I didn’t sleep well last night. Actually, I should say I had trouble falling asleep last night. I got back to the hotel early, only around 6:30, but I didn’t really go to sleep until close to 2 am. It was hard to get going this morning, too. I think there was a part of me that was dreading something worse coming down on us. I know better than to be smug. I know better than to count my blessings too soon.
And in spite of that Ben made progress today. He got up, first with help and then more and more on his own telling us, “No, I’m going to do it myself” in a very matter of fact way. It is so hard making a post-op patient do something as difficult and strenuous, scary and taxing as walk or rise up out of a chair. I kept telling him to trust his legs, they knew what to do. And ultimately, he did, getting up first shakily and then with intention to walk out of the PICU and down the hall. He took a walk several times today, each time going farther and faster and feeling more accomplished. By 4 pm he took a walk all the way around the 7th floor, easily 8 times as far as his first walk this morning. And that last walk was accompanied by statements like “I feel good” and “I went a lot farther this time.” On one of the walks I mentioned I’d seen a parade out my hotel window last night. It was a rag tag marching band playing New Orleans brass music on its way to a jazz club nearby. It was Fat Tuesday, don’t you know. The irony wasn’t lost on Mark who commented on our little parade…Ben in his light blue hospital gown and oxygen mask, holding on to his pole of monitors and tubes, the nurse wheeling his oxygen tank, and Mark and myself, shuffling along at Ben’s baby-step speed. On another walk I asked Ben if he’d watched the snowboard cross races the night before on the Olympics and Mark said that next time we go out for a walk we’ll have our own PICU cross, complete with four kids with IV poles shuffling along. That would be something to see!

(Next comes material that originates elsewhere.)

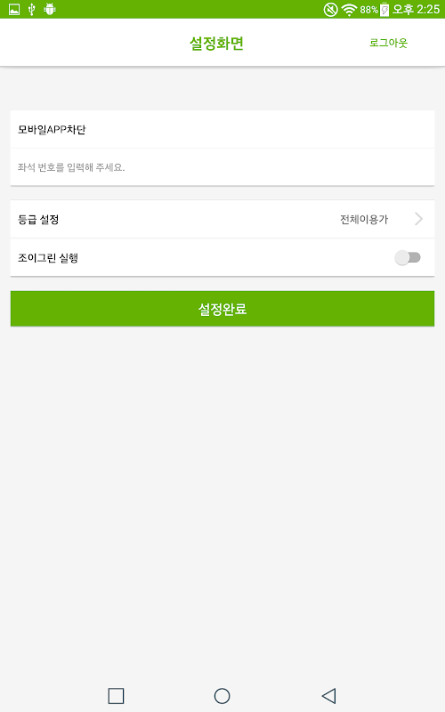 회원가입은 "조이그린 관리자용" 앱에서 해주셔야 하고 등급설정을 하고 실행하시면 설정된 등급에 맞게 유해,성인 사이트, 앱을 차단 해줍니다.

One thing the walking does is gets all the bodily systems to wake up. After almost 72 hours without food or liquids down his throat Ben got to eat some jello tonight…his digestive system finally proving it was open for business, so to speak. And it seems like the more he walked the more he shook off the effects of the morphine and anesthesia. I don’t think I really had absorbed how much those drugs would be like a veil over his personality. When I said before you wouldn’t recognize him it was this haze of anesthesia he was under. He was without affect. Emotional flat line. However, as he worked his body more and more today you could see the signs of Ben returning: he hummed as the nurses adjusted him in his bed, he cracked a couple jokes, he had me read Calvin and Hobbes to him, and he asked to watch more interesting tv shows. He also talked to me on the phone tonight and asked me to come to the hospital as early as I could tomorrow morning.
Which means I should get to bed early tonight.